Output only the stretch of the listing that starts at the line containing "また、幸福度の高さで知られる" and ends at the line containing "The Oak Wheels", reproduced exactly with both ends.

» **Records shown**:
┄┄┄┄┄┄
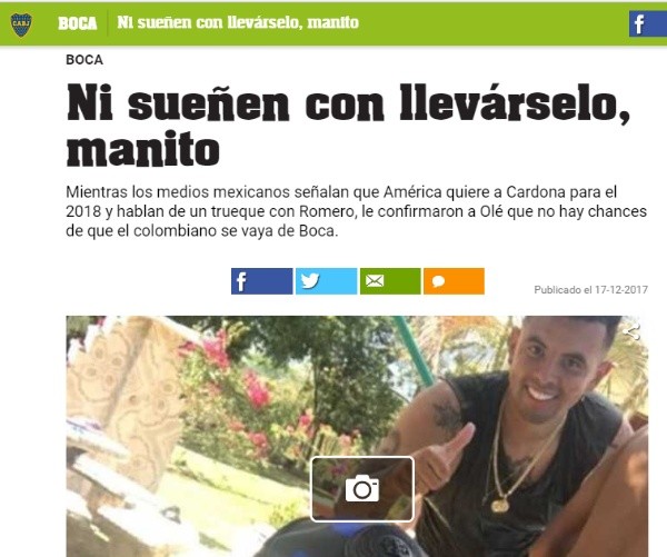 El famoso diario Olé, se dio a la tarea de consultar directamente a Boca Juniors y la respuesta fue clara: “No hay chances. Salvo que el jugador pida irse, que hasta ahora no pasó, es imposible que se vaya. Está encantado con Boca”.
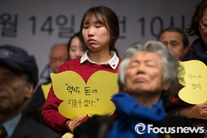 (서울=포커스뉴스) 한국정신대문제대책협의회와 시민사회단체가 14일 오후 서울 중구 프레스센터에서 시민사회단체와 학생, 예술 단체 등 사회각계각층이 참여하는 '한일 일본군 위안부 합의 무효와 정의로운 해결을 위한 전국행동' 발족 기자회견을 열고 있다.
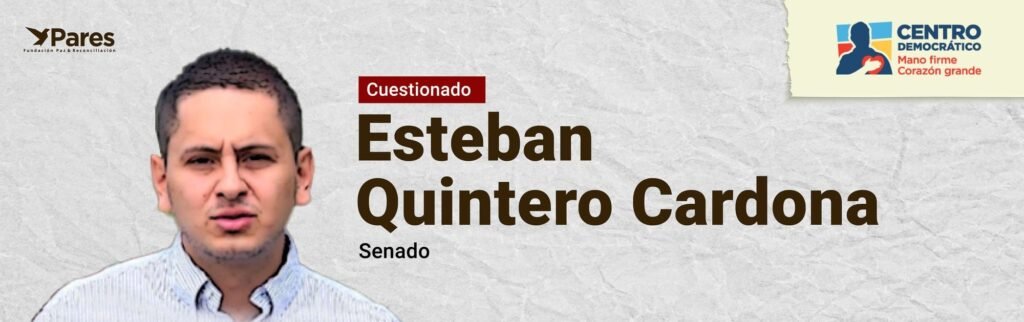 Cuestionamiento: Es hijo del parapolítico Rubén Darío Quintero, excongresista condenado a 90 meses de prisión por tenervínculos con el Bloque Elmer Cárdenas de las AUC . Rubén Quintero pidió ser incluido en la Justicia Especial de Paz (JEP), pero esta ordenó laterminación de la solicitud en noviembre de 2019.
┄┄┄┄┄┄
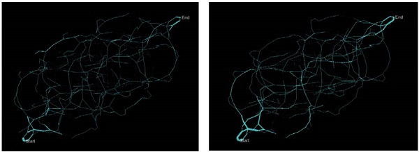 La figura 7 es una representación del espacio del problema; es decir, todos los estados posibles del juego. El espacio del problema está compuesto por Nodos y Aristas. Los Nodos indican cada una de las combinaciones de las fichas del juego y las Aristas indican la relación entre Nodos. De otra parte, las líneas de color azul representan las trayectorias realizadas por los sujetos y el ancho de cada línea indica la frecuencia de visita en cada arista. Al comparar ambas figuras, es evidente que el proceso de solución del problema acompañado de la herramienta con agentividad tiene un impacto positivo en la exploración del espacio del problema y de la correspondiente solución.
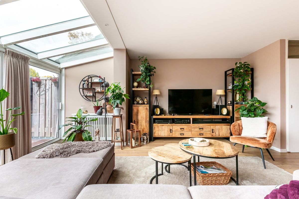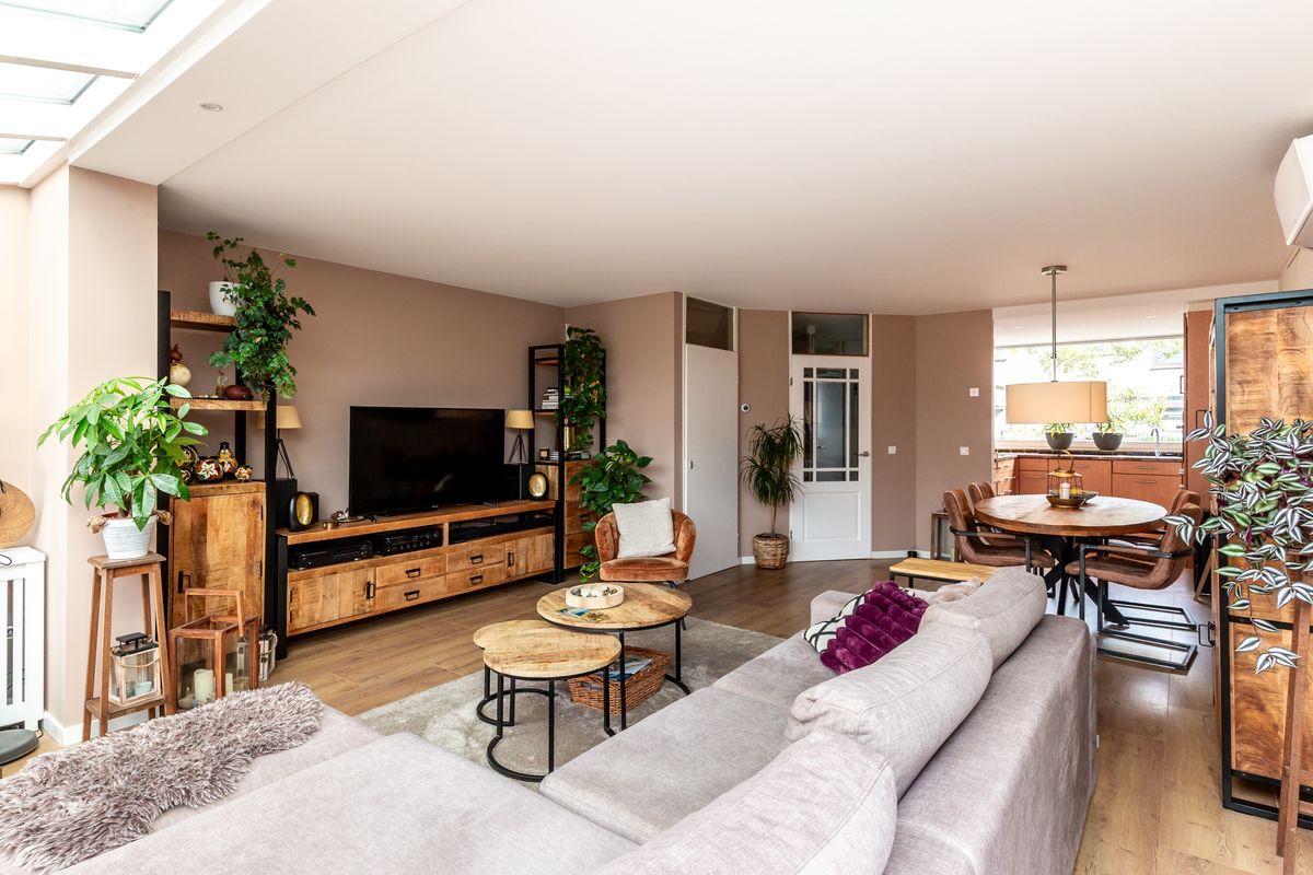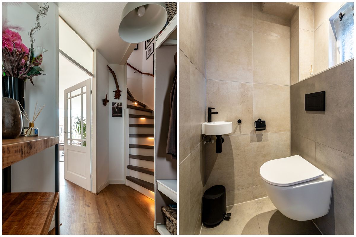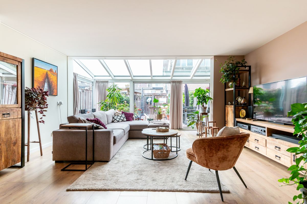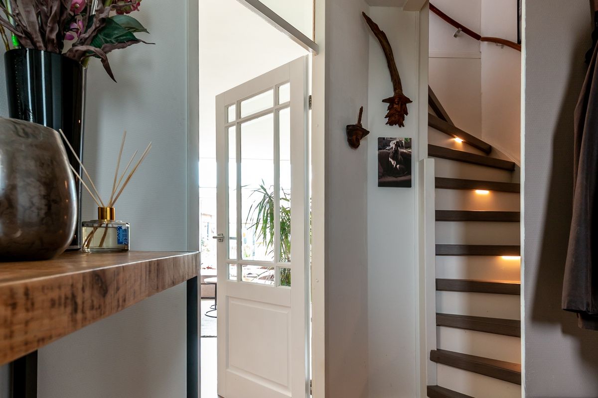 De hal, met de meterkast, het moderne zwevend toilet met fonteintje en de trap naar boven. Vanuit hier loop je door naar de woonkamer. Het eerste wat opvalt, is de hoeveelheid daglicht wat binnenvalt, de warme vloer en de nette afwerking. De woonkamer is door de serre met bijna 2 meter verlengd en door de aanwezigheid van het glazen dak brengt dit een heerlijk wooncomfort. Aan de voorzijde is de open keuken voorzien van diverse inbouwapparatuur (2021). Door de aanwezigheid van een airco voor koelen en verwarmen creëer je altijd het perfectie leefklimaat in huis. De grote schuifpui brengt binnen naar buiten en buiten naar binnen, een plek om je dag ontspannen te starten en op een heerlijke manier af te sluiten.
┄┄┄┄┄┄
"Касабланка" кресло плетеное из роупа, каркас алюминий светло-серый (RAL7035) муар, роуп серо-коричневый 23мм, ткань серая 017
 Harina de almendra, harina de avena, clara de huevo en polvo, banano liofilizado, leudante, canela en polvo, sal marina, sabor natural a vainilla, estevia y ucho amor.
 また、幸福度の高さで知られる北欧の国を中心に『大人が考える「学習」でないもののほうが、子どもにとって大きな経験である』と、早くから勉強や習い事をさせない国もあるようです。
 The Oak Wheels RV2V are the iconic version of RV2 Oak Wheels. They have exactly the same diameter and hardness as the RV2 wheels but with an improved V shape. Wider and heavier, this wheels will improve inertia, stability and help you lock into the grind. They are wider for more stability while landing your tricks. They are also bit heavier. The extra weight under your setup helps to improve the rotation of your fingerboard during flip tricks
┄┄┄┄┄┄
» **Your solution**:
 また、幸福度の高さで知られる北欧の国を中心に『大人が考える「学習」でないもののほうが、子どもにとって大きな経験である』と、早くから勉強や習い事をさせない国もあるようです。
 The Oak Wheels RV2V are the iconic version of RV2 Oak Wheels. They have exactly the same diameter and hardness as the RV2 wheels but with an improved V shape. Wider and heavier, this wheels will improve inertia, stability and help you lock into the grind. They are wider for more stability while landing your tricks. They are also bit heavier. The extra weight under your setup helps to improve the rotation of your fingerboard during flip tricks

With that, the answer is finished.